Taken out of context, that sentence could be taken to encapsulate a lot of what is wrong with the society we live in: that in all kinds of respects delaying gratification has become a surreal impossibility: I want it all, perfectly, now. But the monumental importance of context is one of the two main points I think my Rich Teas illustrate. The habit of eating two sweet biscuits as a preamble to breakfast every day would not, for most people at most times in their life, be what we’d call a healthy habit. But for me then, it was the absolutely most healthy way for me to start my day. It was a small daily act of self-nourishment, and a social ritual too: something to share with my partner, and with my father and his partner on that Swiss summer holiday in the camper-van.
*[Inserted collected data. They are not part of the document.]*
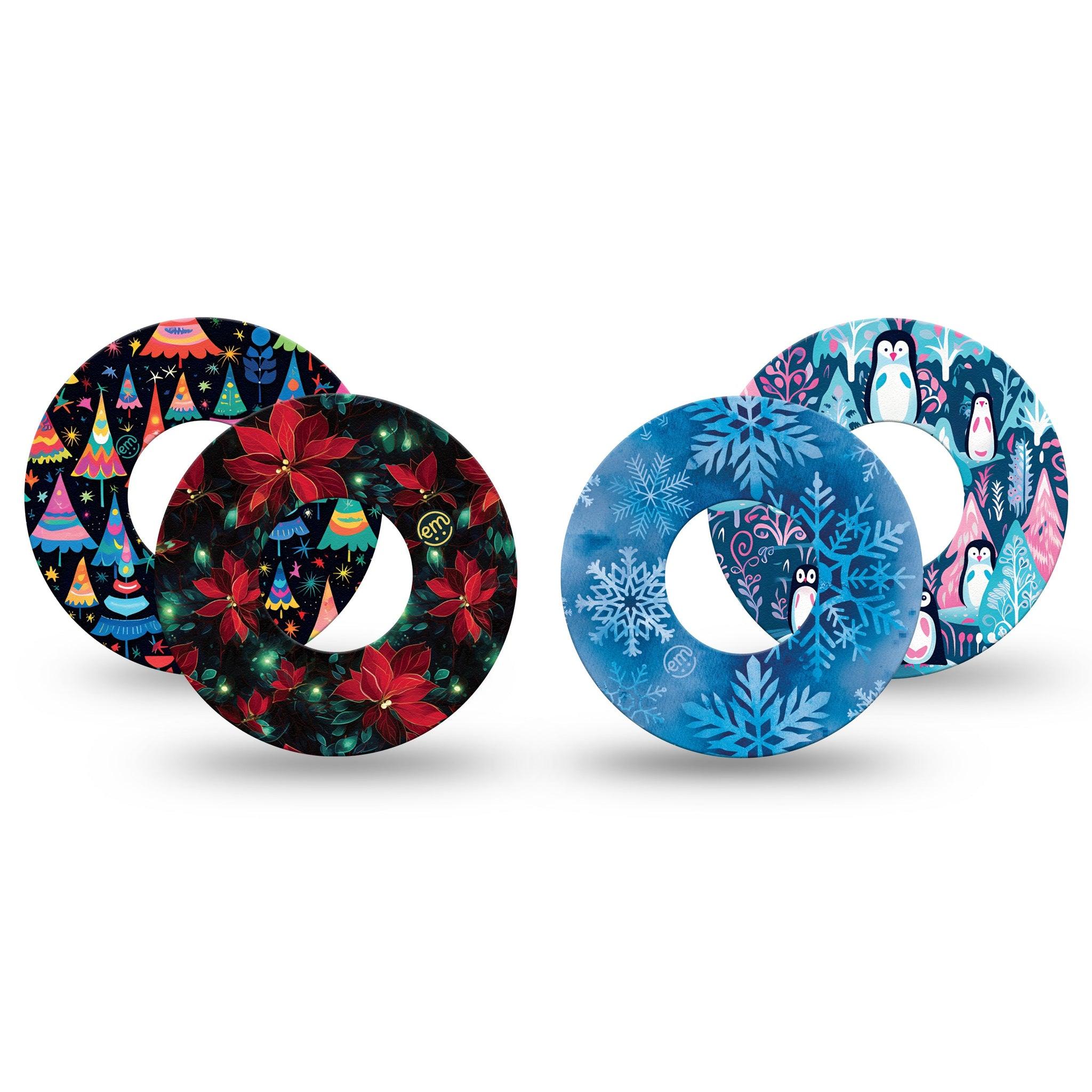 A cozy collection of holiday-ready CGM tapes featuring cool winter tones and cheerful seasonal motifs, made to pair perfectly with festive moments big and small. Pack Includes One of Each Design: Falling Snow, Christmas Floral, Penguins, Christmas Trees
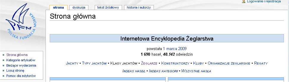Przejrzałem - fakt, że pobieżnie - Internetową Encyklopedię Żeglarstwa. Nie bardzo rozumiem czemu ten projekt ma służyć (poza promowaniem Polskiej Fundacji Morskiej), bowiem nie tylko oprogramowanie pochodzi z projektu wiki. Większość haseł z których treścią się zapoznałem to kopia z http://pl.wikipedia.org - K. Baranowski, K. Jaworski, Cz. Marchaj .. (w tym nawet większość biogramów członków Rady Programowej PFM). Skopiowane z wikipedii artykuły są pozbawione większości odnośników i fotografii - co zubaża ich treść.
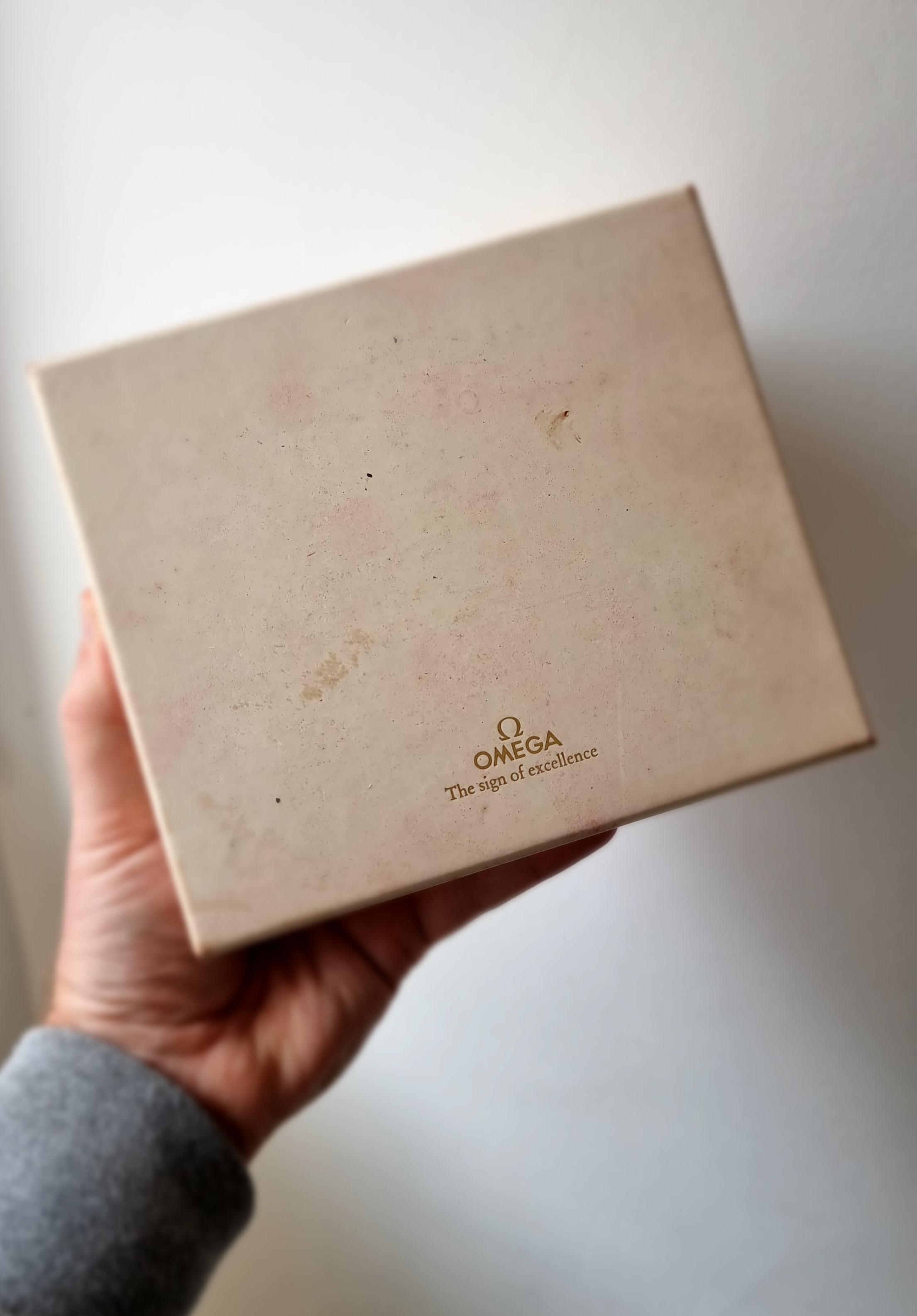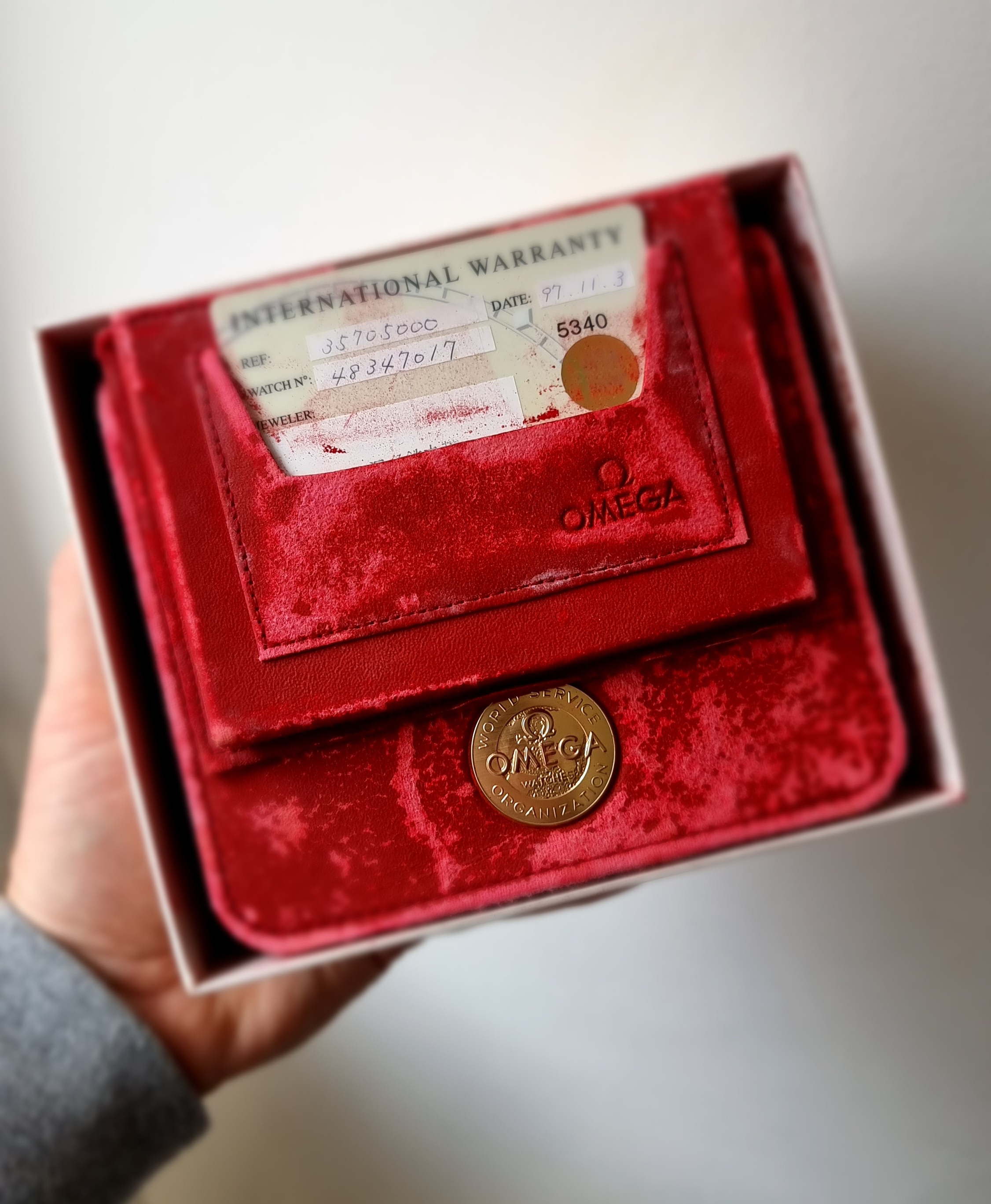 This watch is a full-set with inner/out boxes, red wallet and cards, and booklets. The serial is 48347017 and that matches the lug number. The matching card shows a sale date of 3.11.1997. The box has deteriorated and this is common with this type of soft red box/wallet that were issued in the late 1990s.
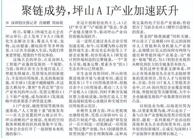 [深圳特区报]聚链成势,坪山AI产业加速跃升
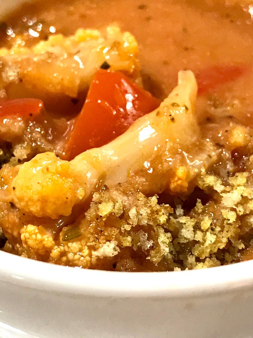 AFC CAULIFLOWER TOMATO PEPPER BISQUE Posted bysharonleedaviestight04/22/202102/12/2023Posted inAFC GOAT, AFC SOUP, AFSC PRIME RECIPES, ANIMAL-FREE DAIRY, CAULIFLOWER, TOMATOESTags:BISQUE, breadcrumbs, CAULIFLOWER, TOMATO SOUP https://animalfreesouschefprimecontent.wordpress.com/2021/04/22/cauliflower-tomato-pepper-bisque/
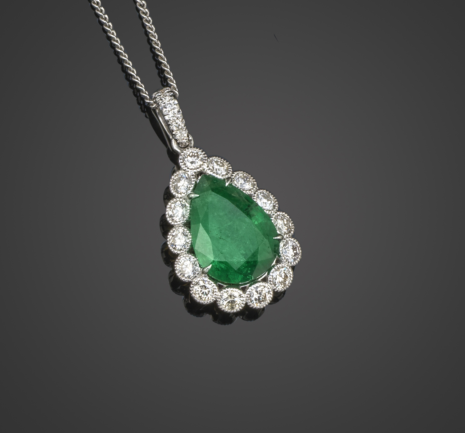 An emerald and diamond pendant necklace, the pear-shaped emerald in a surround of millegrain-set round brilliant-cut diamonds in white and yellow gold, to a fine link silver chain, pendant length 2.5cm, chain length 44cm, case
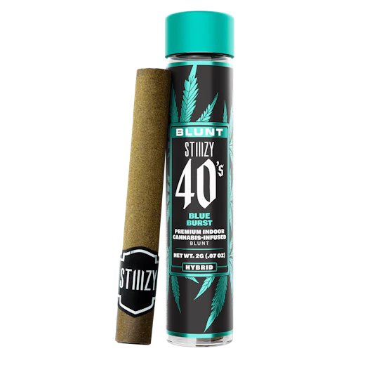 Stiiizy 40s blunts are rolled with 100% tobacco free, kief dusted hemp wraps, secured tightly around a glass tip. We’ve packed each infused blunt with high quality indoor flower so that every inhale is just as good as every exhale. Stiiizy 40s Blunts are reinventing the way you get high by being the first to introduce 40%+ THC potency with live resin infusion. Pass the blunt. BLUE BURST / HYBRID Taste: Blue Raspberry Description: Named for its delicious and powerful flavor, our Blue Burst 40s are known for its blue raspberry flavor with hints of citrus on every exhale. Blue Burst 40s will have you taking flight on a balanced and pleasant cerebral high. Feeling: Relaxed, Uplifted, Creative
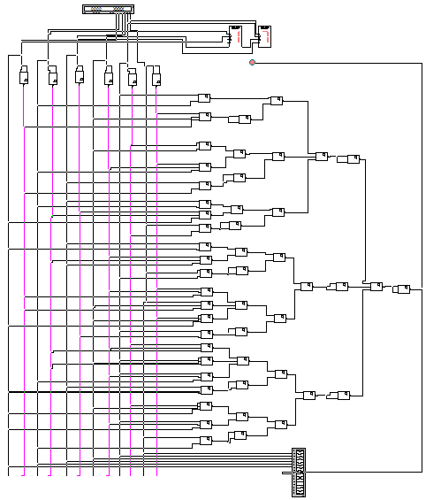 Далее полученные логические функции для 8 входов мультиплексора первого уровня реализуются на двухвходовых мультиплексорах второго уровня.
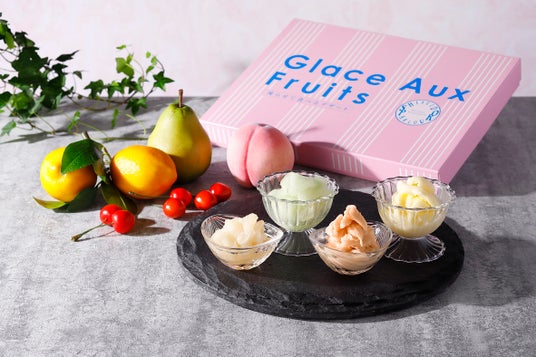 常温での持ち歩きができ、ご自宅で凍らせてお召し上がりいただくシャーベットのため、お手土産やお中元にもご利用いただけます。午後のティータイムや、食後のデザート、お風呂上がりのリラックスタイムなど、あらゆるシーンに楽しみたいひんやりスイーツです。◆『グラス オ フリュイ』 3,240円
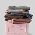Kollektionen består af flere farvekombinationer og vævemønstre, der kan mikses og matches for et personligt og farverigt udtryk.
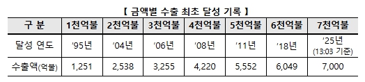 수출 7,000억 달러는 ‘18년도 6,000억 달러 달성 이후 7년만에 이뤄낸 쾌거로 전(全) 세계에서 6번째로 달성하며 수출강국 위상을 재확인했다. 특히, 6천억불은 7번째로 달성했으나, 7천억불은 6번째로 달성하며 우리 수출이 글로벌 주요국 대비 빠르게 성장하고 있음을 증명했다.
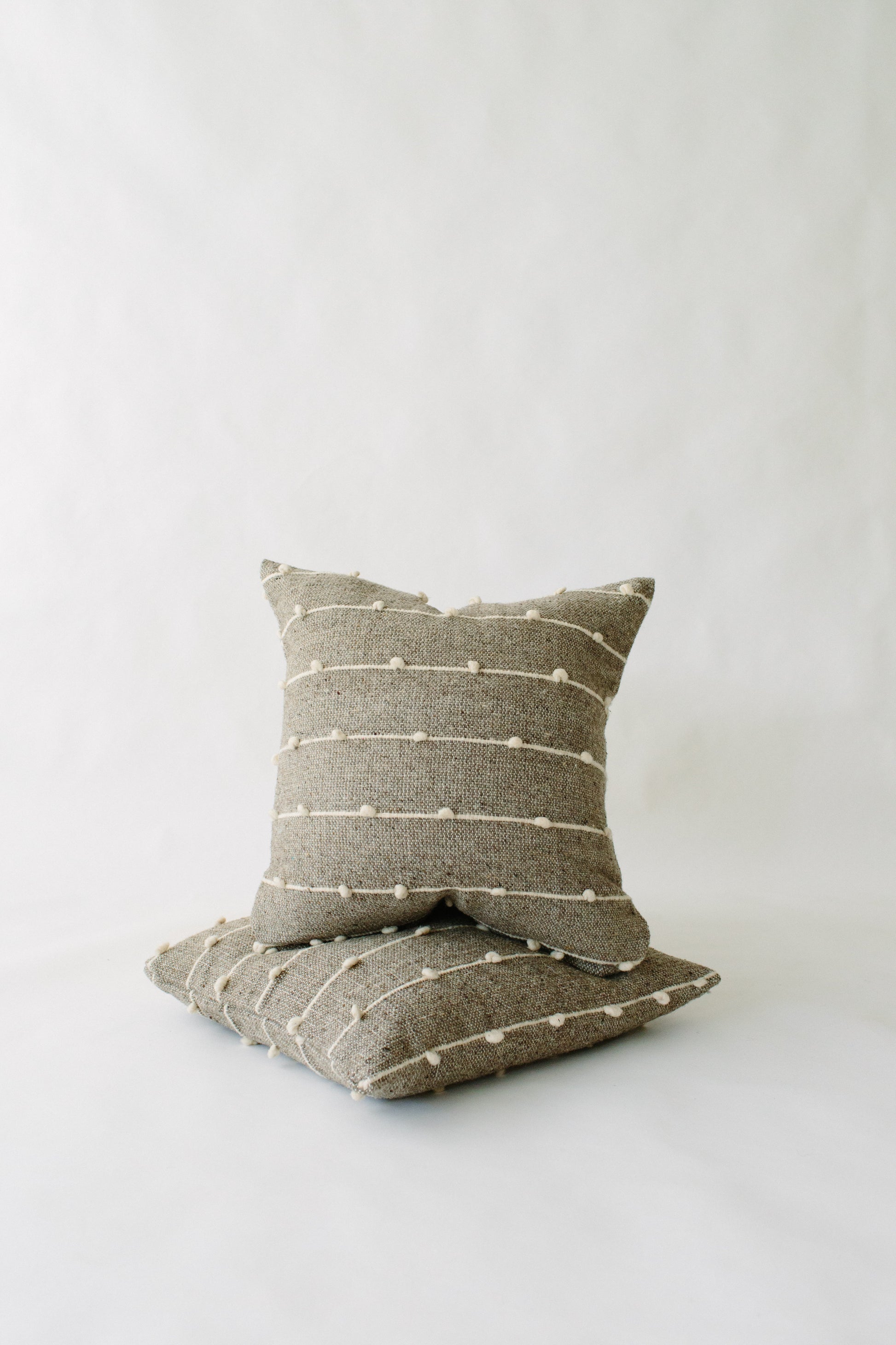 Transform your living space into a cozy haven with the LOOM Imports Grey Loop Pillow. Imagine sinking into your sofa after a long day, the soft, organic wool of this pillow gently supporting your head. Its unique, hand-woven texture, created using traditional heritage craft methods, adds a touch of artisanal charm that elevates any room. This isn't just a pillow; it's a conversation starter, a piece of art that brings warmth and character to your home. Its neutral grey tone and subtle loop design effortlessly complement any decor, making it a versatile addition to your family room, bedroom, or even a child's reading nook. Bring the beauty of handcrafted quality into your everyday life and create a more inviting atmosphere for everyone to enjoy.
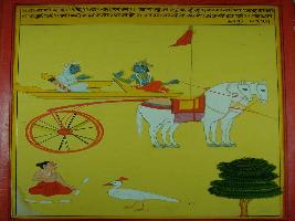 | Description / विवरण | Miniature painting based on Shri Bhagwat Gita. It depicts Krishna preaching Arjun about Vedas and resources enshrined in the essence of Vedas. |
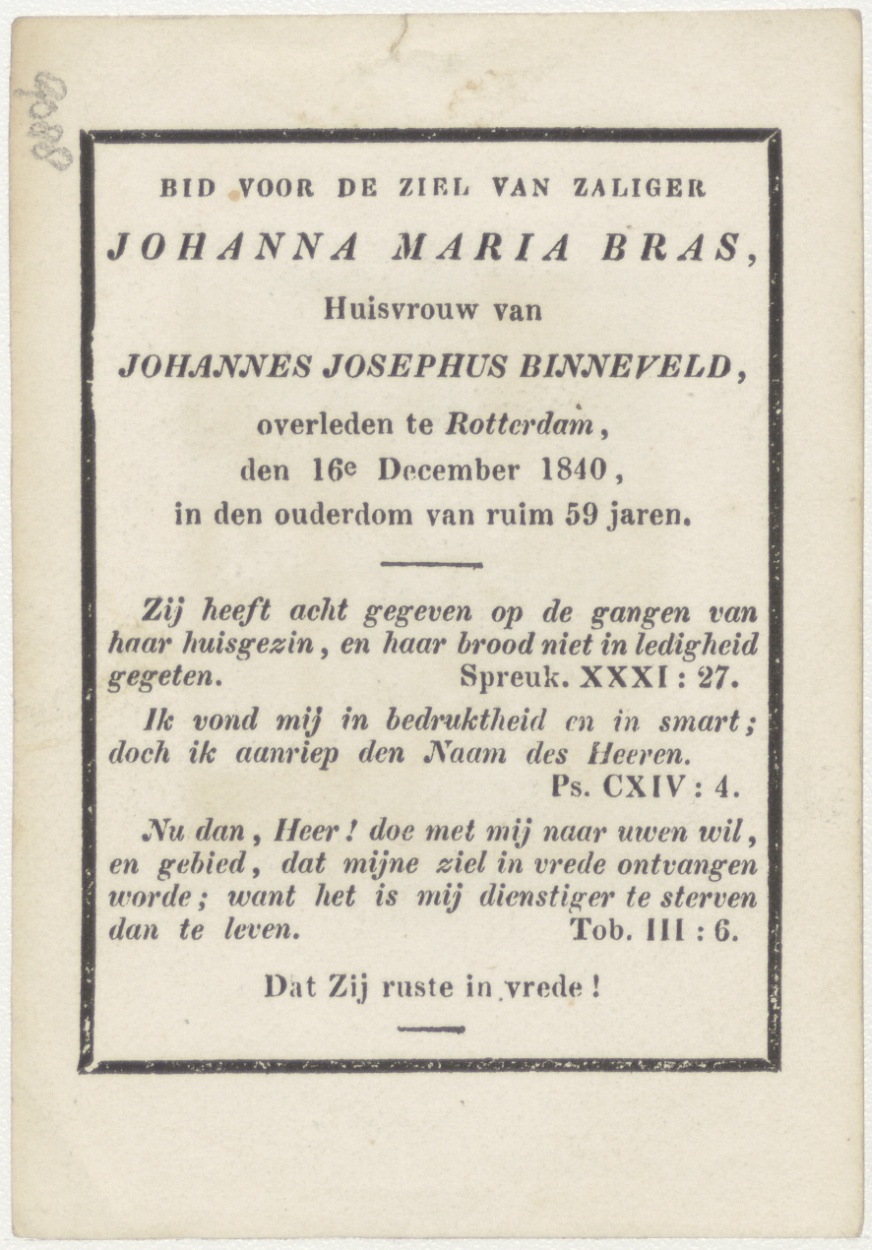 H. Sacrament: priesterwijding (Frans), kz. Bid voor ziel Johanna Maria Bras (+1840) Rotterdam, huisvrouw van Johannes Josephus Binneveld

Realizing that there is no single definition of healthiness, or even healthy eating, is one of the many challenges of early recovery from an eating disorder. There are many strident calls for us to subscribe to rigid notions of good health in what we eat, whether it’s through ‘eating clean’ or some more coherent philosophy. But much of the intensive first phase of recovery from a restrictive eating disorder depends on repeating to oneself, in multiple contexts, the protective mantra: this does not apply to me. Everyone else’s ‘healthy’ is not mine right now. Then, of course, one has to create one’s own alternative version of healthiness, and mine involved those funny little biscuits, every morning until I stopped needing them.
This also has implications for the time course of recovery. A reader recently mentioned in a message to me that she was trying to develop a relationship with food that would stand her in good stead for decades to come. In one sense this is an obviously admirable ambition, but in another it was not, I thought, quite the right time for it: she was in the very early stages of acknowledging her illness and starting to do something about it. What I thought she needed most was not to develop a new way of living that would be her template for the extended future, but in an intensive way to heal the damage that had been done.
It’s terribly easy to let ourselves be cowed by the dictates of media-filtered dietary advice fueled by hysteria about obesity into rejecting the very things that will, in these phases, help make us healthy more effectively than anything else, even though they might not be the basis of healthy eating in the longer term. Maybe, when I mentioned morning tea in that post about character, I didn’t mention the biscuit thing because I thought it sounded slightly weird, slightly overkill. I remember my father being a mixture of pleased and bemused when I first offered him the packet – but from then on it was a communal thing that in one more small way helped my recovery be a shared endeavor. It was necessary in that period of my life to actively repair damage, physical and psychological, so that later - now - I can not do those things any more. They helped create the good health that now I need only to maintain.
So whatever are the little rituals that for you might make the difference between doing recovery by numbers and committing to it wholeheartedly, don’t be afraid of them. Even if other people may think you're being a bit strange, or express concern that maybe you're going 'too far in the other direction', trust in yourself to know what you need.
The time will come when biscuits before breakfast, or whatever forms your own recovery-specific version of health eating takes, are no longer something you want or need. But while they are, give them to yourself. Your return to good health depends on not expecting to be normally healthy instantly, but instead letting yourself act in the ways that are right for you, right now.